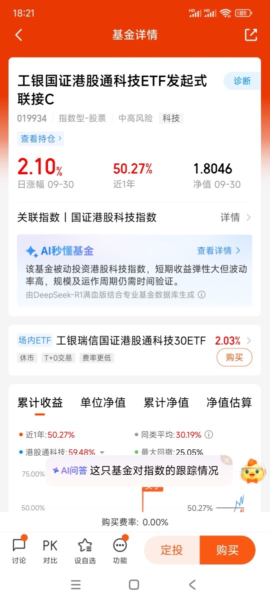 美股昨晚全线杀跌,芯片等人工智能相关股票跌幅居前,费城半导体指数跌超2%,甲骨文股价一度暴跌超7%,这可能是港股大幅回调的主因,今天是长假的最后一天,期待明天$工银国证港股通科技ETF发起式联接C$ 的表现。@工银瑞信基金
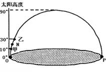 3、单选题 下图中,弧线ONP为某经线圈中的一段,其中N为北极点,阴影为晨昏圈平面,甲乙两点纬度值相同。据此回答题。
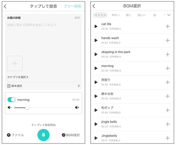 これまではスマートフォンで録音した5分以内の音声しか投稿できませんでしたが、ツール実装により、録音した音声にLisPon側で用意した音楽(提供当初 58種類)を投稿するボイスにつけることができます。今後、ボイス自体を編集できる機能も追加する予定です。
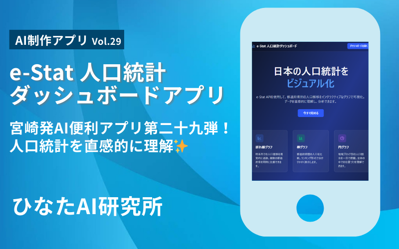 人口統計を瞬時に可視化!AI制作「e-Stat 人口統計ダッシュボード」アプリ公開| ひなたAI研究所 AI制作アプリ第29弾
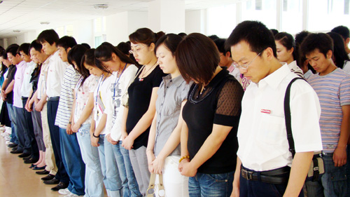 在经济管理学院李学智院长的号召下,到场的全体人员怀着沉痛的心情为灾区遇难的同胞默哀三分钟。随后,李学智院长做了重要的讲话。他强调说,经济管理学院的全体师生要团结一致、众志成城,将爱心传递给灾区的遇难者,并向每一个抗震救灾的军人和志愿者致敬。最后,由李学智院长作为代表将经济管理学院募捐的33000余元善款转交给了我校红十字会的代表。
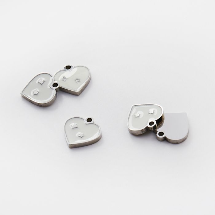 Emaliowana zawieszka ze stali chirurgicznej serce z gwiazdkami białymi w kolorze srebrnym 10mm
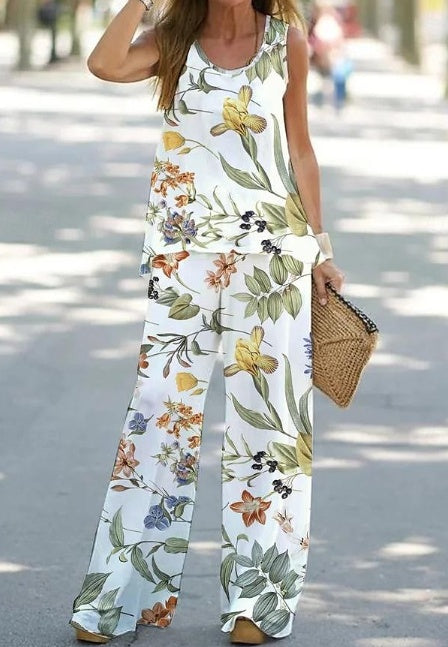 - Include un top fără mâneci cu imprimeu și pantaloni cu croi larg
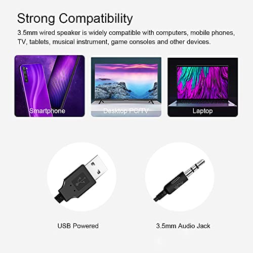 ☆ 3.5mm wired speaker is widely compatible with computers, mobile phones, TV, tablets, musical instrument, game consoles and other devices.
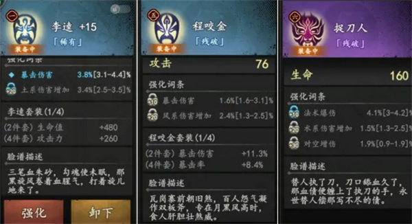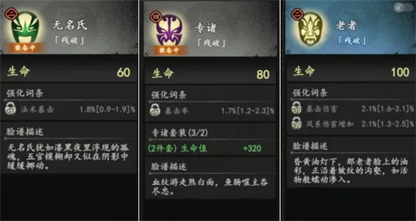 每个品级内部,会根据词条的属性数值来划分颜色品质,从低到高依次是白色、蓝色、紫色、橙色。对应这些词条颜色,脸谱会标注残破、普通、稀有、珍贵、绝世这五个梯度的后缀,但这个后缀仅作参考,词条选择还是要依据具体属性来定——要是遇到重要属性,哪怕是残破后缀,也可能比绝世后缀更有价值。
• • • • •
## EXERCISE INSTRUCTIONS:
Quote every line of the records above exactly; no picture is to be copied.

## YOUR RESPONSE:
 美股昨晚全线杀跌,芯片等人工智能相关股票跌幅居前,费城半导体指数跌超2%,甲骨文股价一度暴跌超7%,这可能是港股大幅回调的主因,今天是长假的最后一天,期待明天$工银国证港股通科技ETF发起式联接C$ 的表现。@工银瑞信基金
 3、单选题 下图中,弧线ONP为某经线圈中的一段,其中N为北极点,阴影为晨昏圈平面,甲乙两点纬度值相同。据此回答题。
 これまではスマートフォンで録音した5分以内の音声しか投稿できませんでしたが、ツール実装により、録音した音声にLisPon側で用意した音楽(提供当初 58種類)を投稿するボイスにつけることができます。今後、ボイス自体を編集できる機能も追加する予定です。
 人口統計を瞬時に可視化!AI制作「e-Stat 人口統計ダッシュボード」アプリ公開| ひなたAI研究所 AI制作アプリ第29弾
 在经济管理学院李学智院长的号召下,到场的全体人员怀着沉痛的心情为灾区遇难的同胞默哀三分钟。随后,李学智院长做了重要的讲话。他强调说,经济管理学院的全体师生要团结一致、众志成城,将爱心传递给灾区的遇难者,并向每一个抗震救灾的军人和志愿者致敬。最后,由李学智院长作为代表将经济管理学院募捐的33000余元善款转交给了我校红十字会的代表。
 Emaliowana zawieszka ze stali chirurgicznej serce z gwiazdkami białymi w kolorze srebrnym 10mm
 - Include un top fără mâneci cu imprimeu și pantaloni cu croi larg
 ☆ 3.5mm wired speaker is widely compatible with computers, mobile phones, TV, tablets, musical instrument, game consoles and other devices.
 每个品级内部,会根据词条的属性数值来划分颜色品质,从低到高依次是白色、蓝色、紫色、橙色。对应这些词条颜色,脸谱会标注残破、普通、稀有、珍贵、绝世这五个梯度的后缀,但这个后缀仅作参考,词条选择还是要依据具体属性来定——要是遇到重要属性,哪怕是残破后缀,也可能比绝世后缀更有价值。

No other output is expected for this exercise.